Gold and Bitcoin are both anti-fragile bets. If the current macro story ends badly, both will do well. Gold is definitely a hope you are wrong story. Bitcoin is more nuanced. A scenario where Bitcoin goes up 100x is likely to be scary and disruptive and bad for many assets, but there is also a hopeful scenario where Bitcoin gives people greater sovereignty over their data and other assets.
The other obvious solutions look jaded at the end of the “everything bubble”
The simplest way to avoid paying a bank to take your money on loan is to loan money to a Government or a Corporate. The more stable the Government or Corporate, the lower the interest rate. You also avoid bank counterparty risk. So risk-off capital floods into sovereign and corporate bonds. What happens when excess capital flows into an asset type – yes, you get bubbles and that means returns go down and risk goes up. So the bond workaround is not a good one.
Equities at the end of the everything bubble seem dangerous, valuations are high and highly dependent on central banks.
Hard assets also suffer from the storage cost problem. For physical goods this is a very real issue; think of vintage cars, wine, art etc. There is the additional shelf life problem as any wine lover knows who has opened an old wine that got better as decades went by and then suddenly was “off” ie horrible to drink and worthless.

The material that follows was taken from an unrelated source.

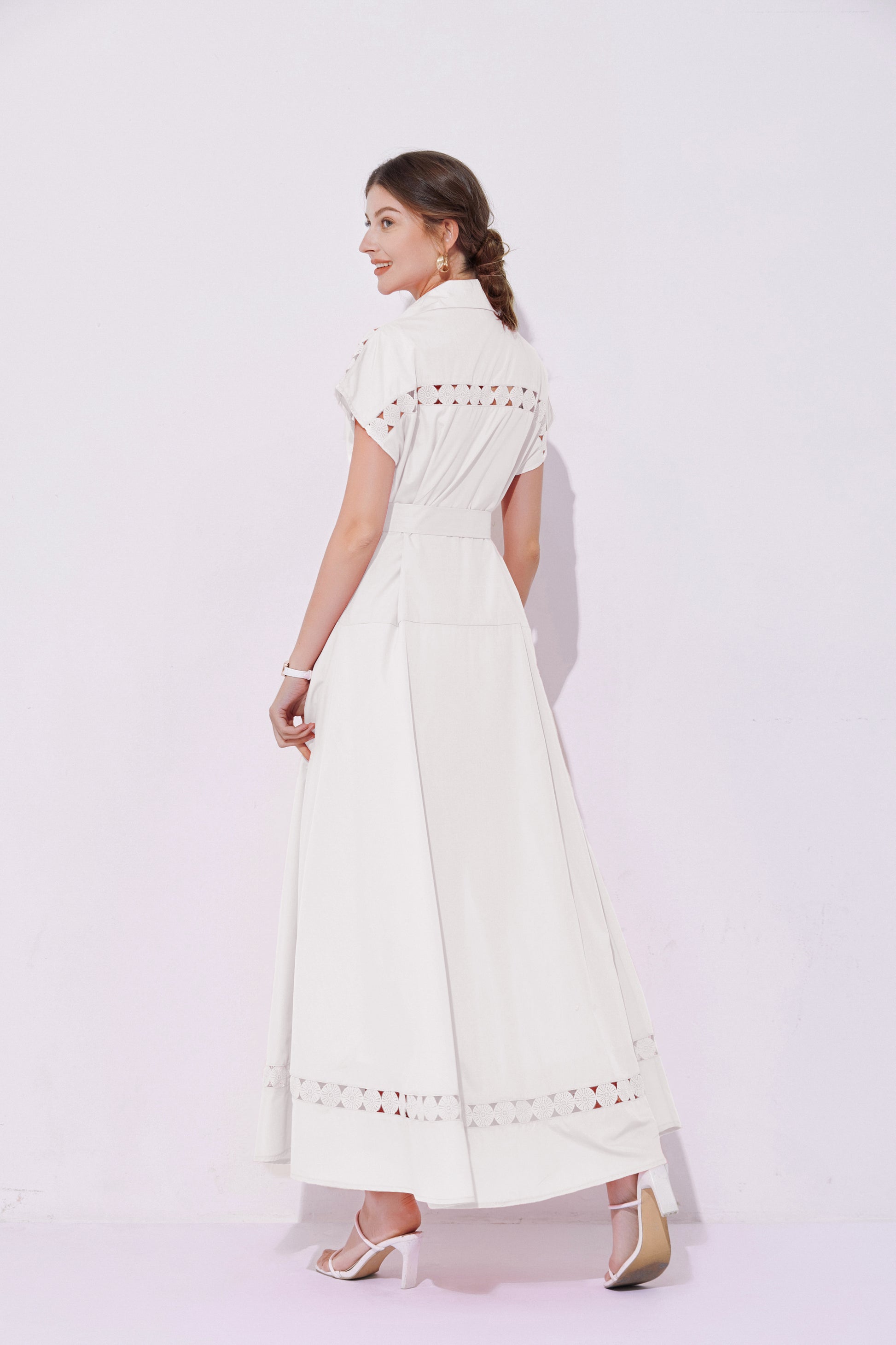 Women's Collar Hollow Cap Sleeve Maxi Dress

So, looking at the alternatives to Bitcoin, none are looking that good at this stage of the cycle. One veteran investor was asked to come up with reasonably priced assets to buy. The best he could come up with was that labor is undervalued vs capital.

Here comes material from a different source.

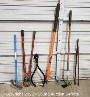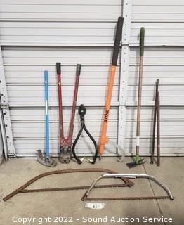 Lot #0255: 9pc Logging, Heavy Duty & Lawn Tools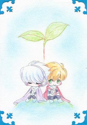 2人の足元は地球の大地(水の大地?)のつもりで描いたので

That lack of obvious alternatives is pushing some investors to look at the improbable Bitcoin solution.
The improbable Bitcoin solution
Investors are like detectives, on the hunt for truth – preferably contrarian truth. The most famous fictional detective, Sherlock Holmes says:
“When you have eliminated the impossible, whatever remains, however improbable, must be the truth”.
The improbable Bitcoin solution has 3 parts to it:
- Safe low cost storage. This is a tough problem, but with such a big prize motivating so many upstarts and incumbents it will be fixed. It should be possible to deliver this at low cost as Bitcoin is a digital product; this is not like storing vintage cars/wine/paintings.

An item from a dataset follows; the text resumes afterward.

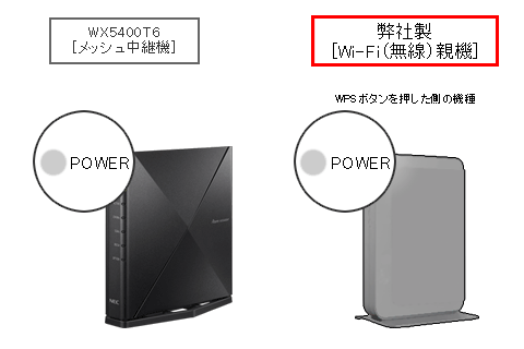 WX5400T6のPOWERランプ点滅後、1分以内に弊社製メッシュ親機の「WPSボタン」を長押ししてください。

- Allocation. You place an anti-fragile with maybe 1% of your capital into Bitcoin. If the everything bubble ends badly for other assets, Bitcoin will do well. If you lose 40% on 99% of your capital, you will need a 40x return on Bitcoin. That is feasible if there really is that level of disruption to legacy finance. As some wealthy people enjoy comparing themselves to other wealthy folks, that Bitcoin win will get them bragging rights on their yacht (as well as more yachts for sale at bargain prices).
- Use Bitcoin as collateral. Lombard loans have been a tool of the wealthy for a long time. A lombard loan (or lombard credit) is a type of secured loan, in which the entire loan amount is secured by a deposit at the bank that is providing the loan. Lombard loans can be secured by money held in bank accounts, life insurance policies, securities (like stocks or bonds) or other assets. For more go here. Today, Bitcoin would be considered far too risky for lombard loans and most legacy finance won’t offer Bitcoin deposits. This leaves the market open to upstarts. If it is an asset, it can be used as collateral. The only calculation is collateral to loan % and that is based on volatility; so Bitcoin as collateral is still an emerging story.
No investment is without risk. Bitcoin has risk. That is why 1% allocation is what some investors/advisers suggest. AIl risk is comparative. If other assets look risky, maybe that 1% allocations to Bitcoin starts to look a bit more sensible.
Context & References
I have no positions or commercial relationships with the companies or people mentioned. I am not receiving compensation for this post.